*** Opening of Data extract ***

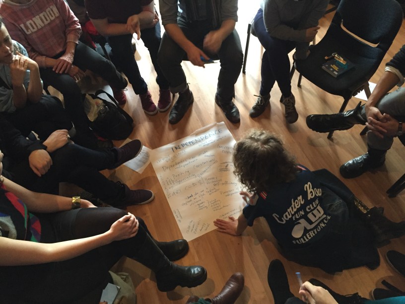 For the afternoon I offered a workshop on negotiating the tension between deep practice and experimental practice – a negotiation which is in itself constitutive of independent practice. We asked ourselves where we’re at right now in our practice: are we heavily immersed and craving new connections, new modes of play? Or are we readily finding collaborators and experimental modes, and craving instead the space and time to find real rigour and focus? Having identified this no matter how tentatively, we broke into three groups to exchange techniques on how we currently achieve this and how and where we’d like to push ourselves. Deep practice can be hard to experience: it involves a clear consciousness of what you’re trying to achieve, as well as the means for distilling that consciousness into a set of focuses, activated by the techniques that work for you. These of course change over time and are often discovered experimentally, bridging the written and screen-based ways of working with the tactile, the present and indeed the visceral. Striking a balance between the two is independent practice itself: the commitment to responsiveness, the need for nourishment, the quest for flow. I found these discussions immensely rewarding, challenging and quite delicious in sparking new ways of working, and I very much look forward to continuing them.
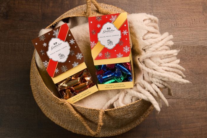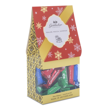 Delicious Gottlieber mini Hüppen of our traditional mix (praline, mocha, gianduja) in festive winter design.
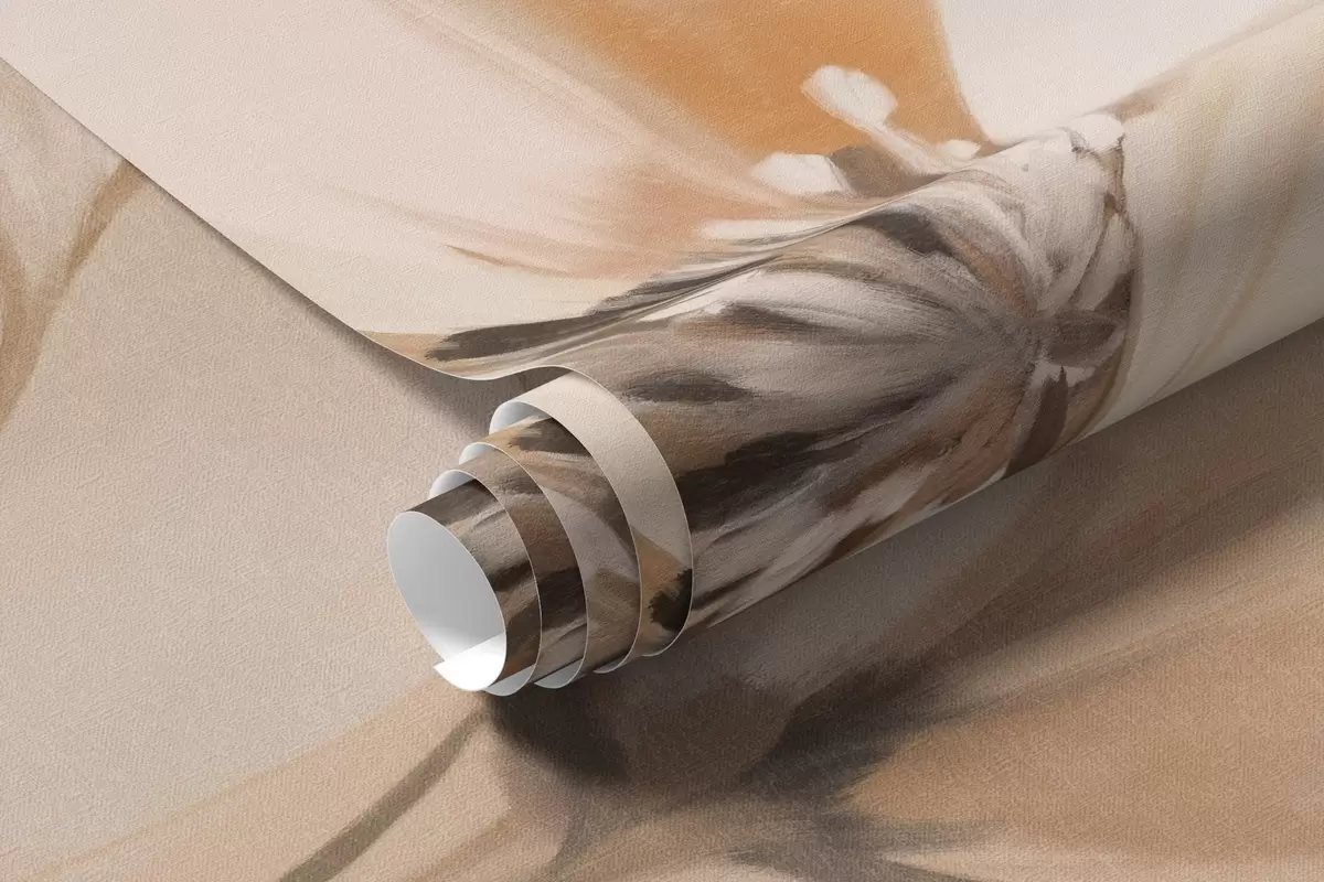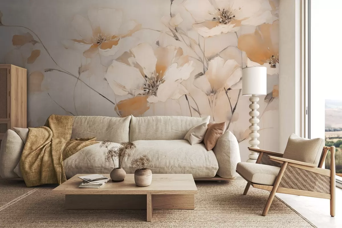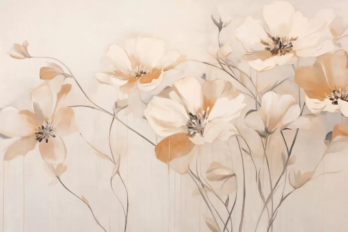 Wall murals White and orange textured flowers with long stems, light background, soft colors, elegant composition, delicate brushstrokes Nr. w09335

*** Close of Data extract ***
*** Opening of Data extract ***

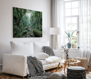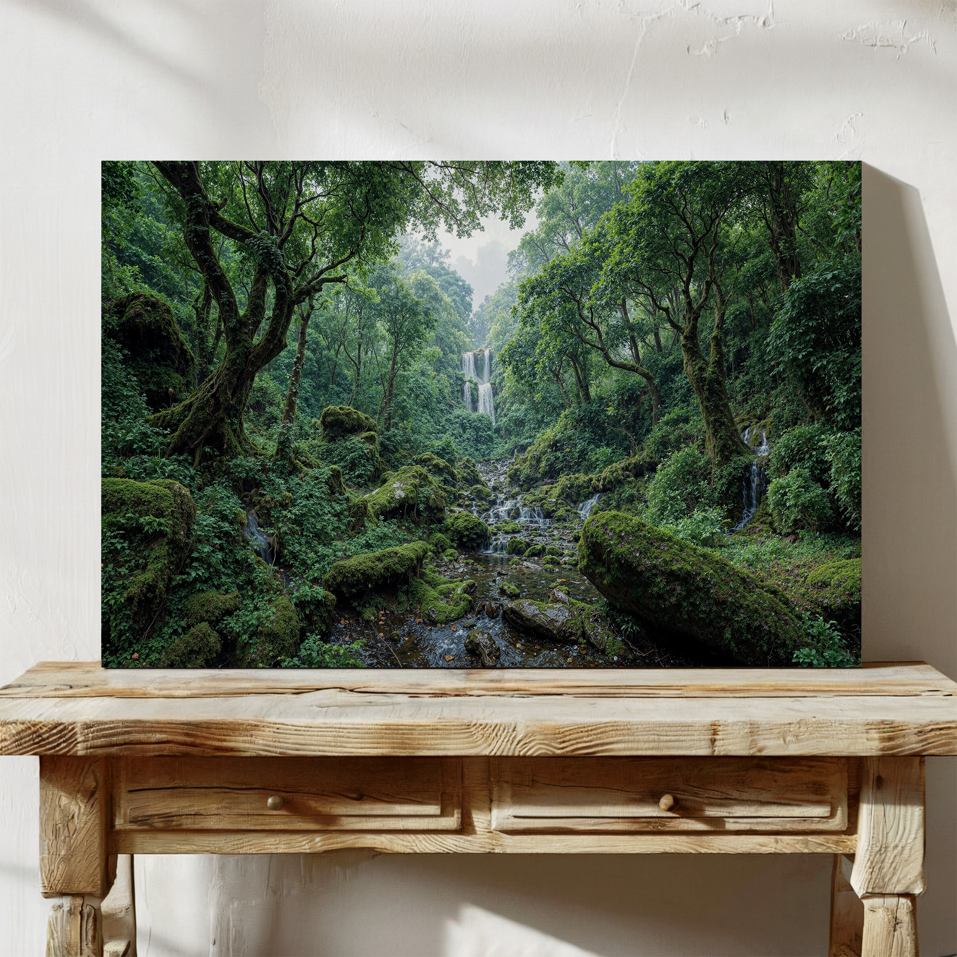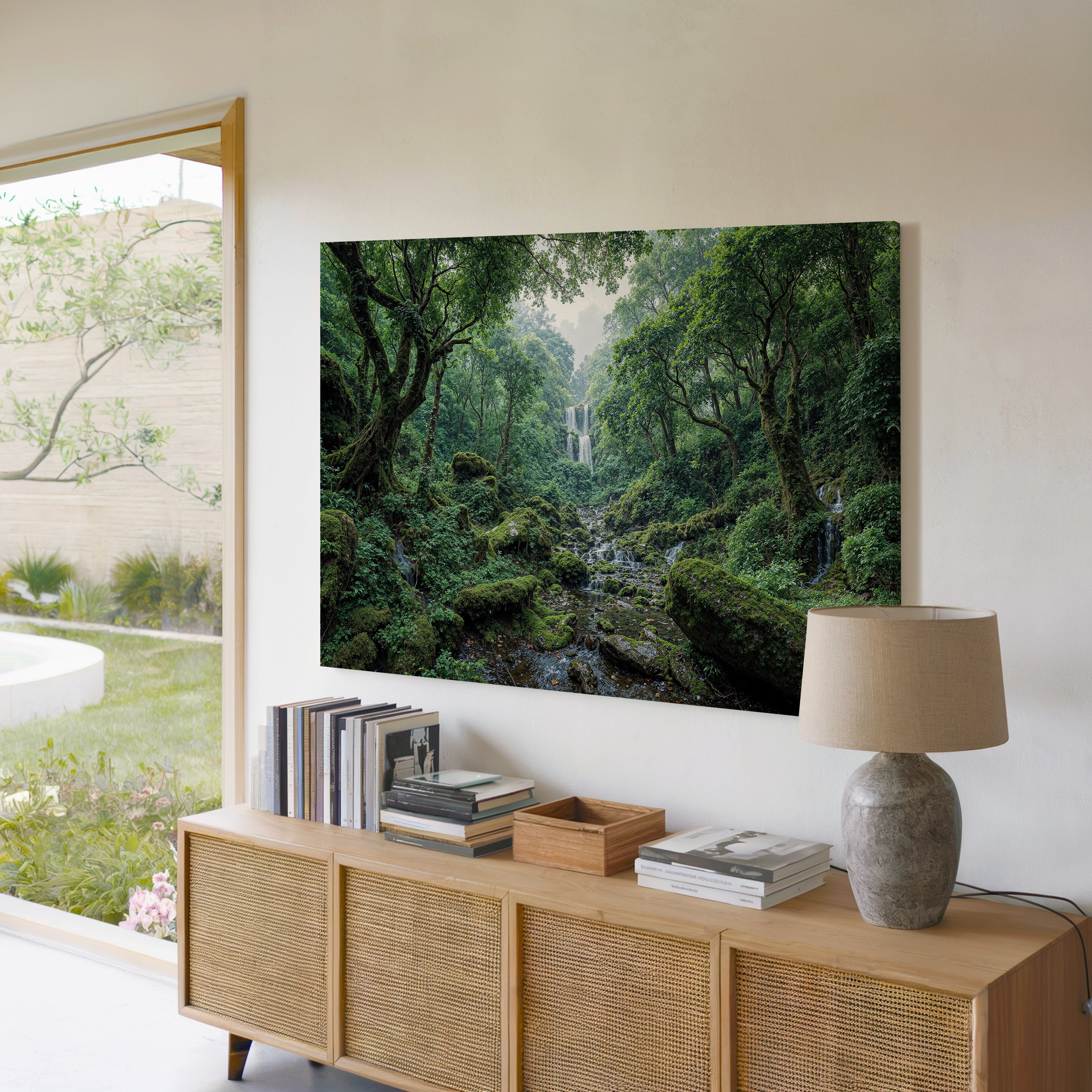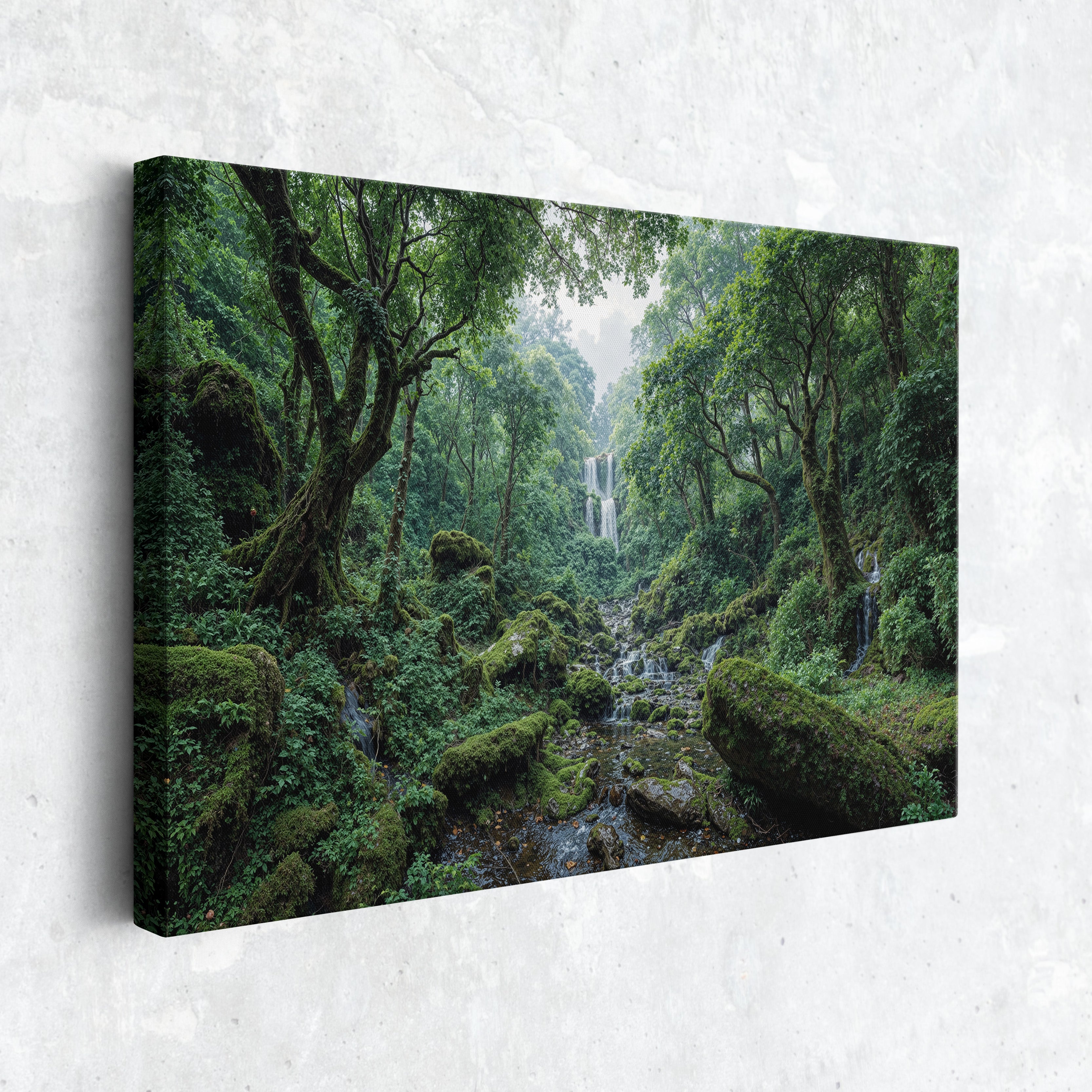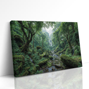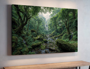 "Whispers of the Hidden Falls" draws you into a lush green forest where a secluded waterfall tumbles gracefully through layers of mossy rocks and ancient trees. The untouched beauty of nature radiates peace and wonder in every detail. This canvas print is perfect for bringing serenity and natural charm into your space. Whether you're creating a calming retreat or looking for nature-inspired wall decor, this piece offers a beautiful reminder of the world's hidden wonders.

*** Close of Data extract ***

Exercise —
What you write out is the stretch of entries from the line containing "Delicious Gottlieber mini" to the line containing "Wall murals White", word for word, with both end lines and no pictures.

Exercise output —
 Delicious Gottlieber mini Hüppen of our traditional mix (praline, mocha, gianduja) in festive winter design.
 Wall murals White and orange textured flowers with long stems, light background, soft colors, elegant composition, delicate brushstrokes Nr. w09335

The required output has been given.